Exercise requirements: All records below are to be set down precisely as written, excluding pictures.

▬▬▬▬▬▬▬▬▬▬

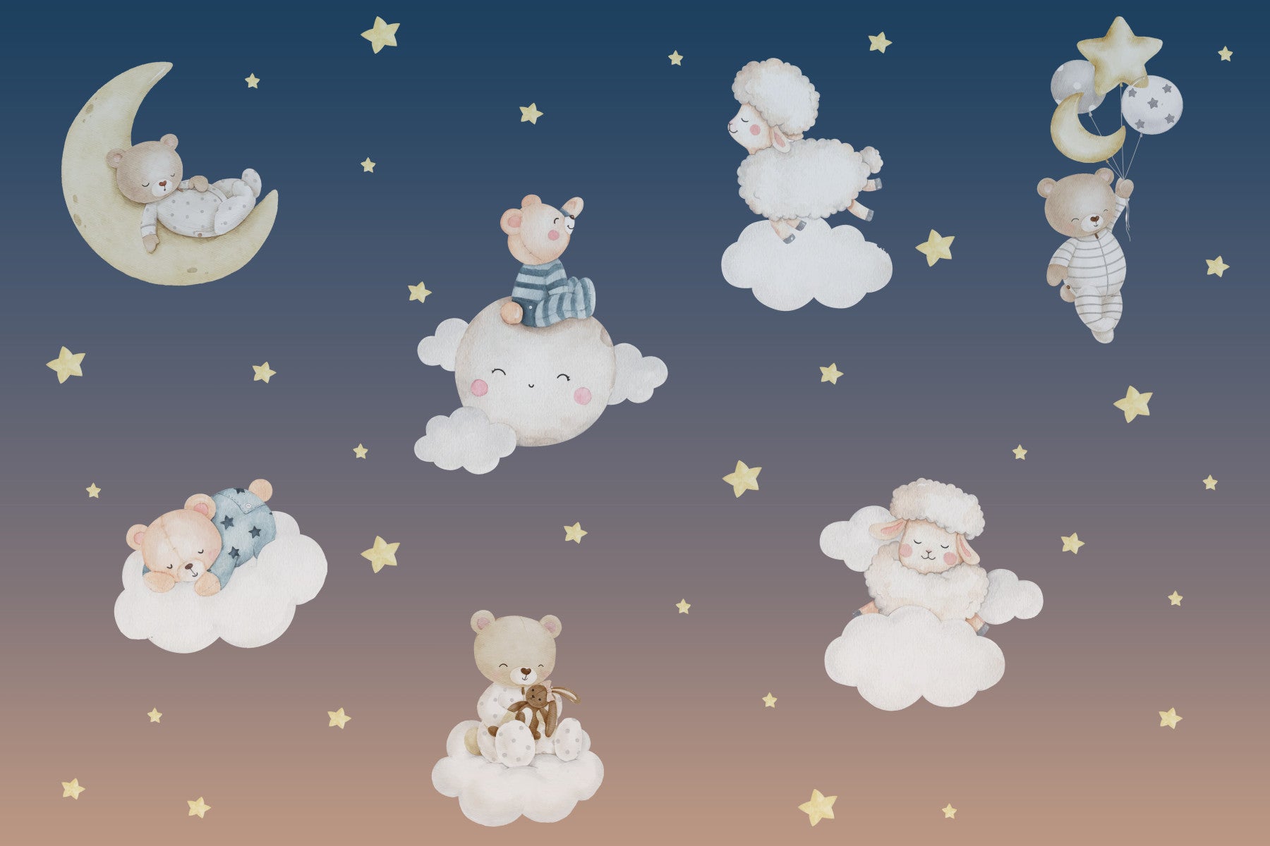 Bring a sense of wonder to your space with this delightful wallpaper for walls. The design features cuddly teddy bears and charming sheep relaxing on moons and clouds, surrounded by twinkling stars. The soft color palette transitions from a deep blue night sky to a warm peachy dawn. This adds a layer of warmth. It's a charming choice for a nursery, bedroom, or playroom. This design complements interiors by creating a sense of comfort and imaginative play.
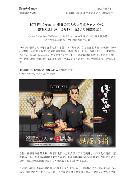 BOTEJYU®︎ Group × TV「進撃の巨人」コラボキャンペーン ! PR / 12.1.2023
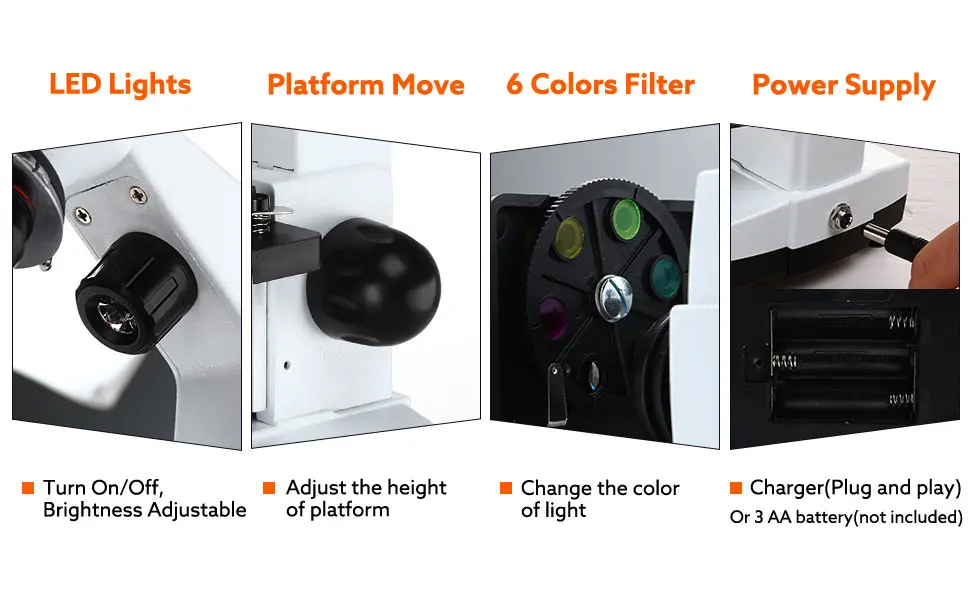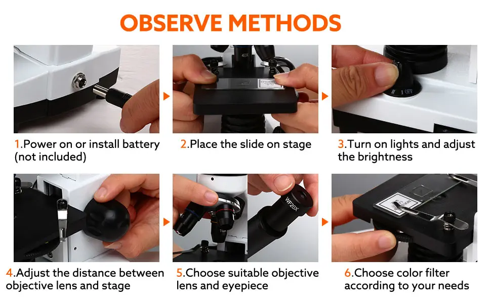 WF 10X, 20 X окуляра отдельно или с 2X объективом, сотрудничество 4X 10X 40X объективных линз, предлагаем 8 типов увеличений.
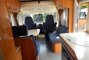 Driver's and passenger seats swivel to give dining and lounging for up to six persons in comfort.
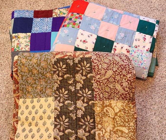 Brown store bought Breadspread measures 100"90", One Comforter is tacked and measures 80"x56", One Comforter is machine quilted and measures 74"x68"
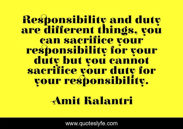 "Amit Kalantri Quotes." Quoteslyfe.com, 2025. Fri. 05 Dec. 2025. <https://www.quoteslyfe.com/quote/Responsibility-and-duty-are-different-things-you-99110>.
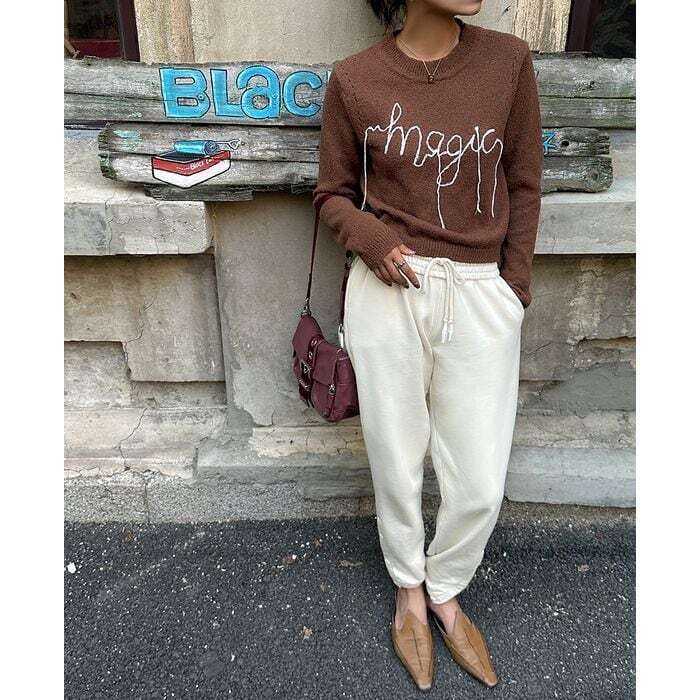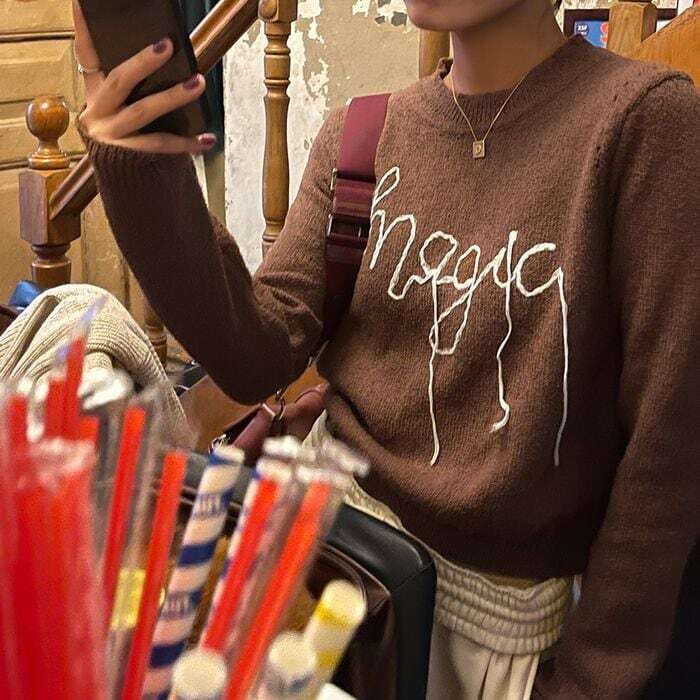レディース トップス レターステッチ ラウンドネック ニット セーター KS10261

▬▬▬▬▬▬▬▬▬▬

Written solution:
 Bring a sense of wonder to your space with this delightful wallpaper for walls. The design features cuddly teddy bears and charming sheep relaxing on moons and clouds, surrounded by twinkling stars. The soft color palette transitions from a deep blue night sky to a warm peachy dawn. This adds a layer of warmth. It's a charming choice for a nursery, bedroom, or playroom. This design complements interiors by creating a sense of comfort and imaginative play.
 BOTEJYU®︎ Group × TV「進撃の巨人」コラボキャンペーン ! PR / 12.1.2023
 WF 10X, 20 X окуляра отдельно или с 2X объективом, сотрудничество 4X 10X 40X объективных линз, предлагаем 8 типов увеличений.
 Driver's and passenger seats swivel to give dining and lounging for up to six persons in comfort.
 Brown store bought Breadspread measures 100"90", One Comforter is tacked and measures 80"x56", One Comforter is machine quilted and measures 74"x68"
 "Amit Kalantri Quotes." Quoteslyfe.com, 2025. Fri. 05 Dec. 2025. <https://www.quoteslyfe.com/quote/Responsibility-and-duty-are-different-things-you-99110>.
レディース トップス レターステッチ ラウンドネック ニット セーター KS10261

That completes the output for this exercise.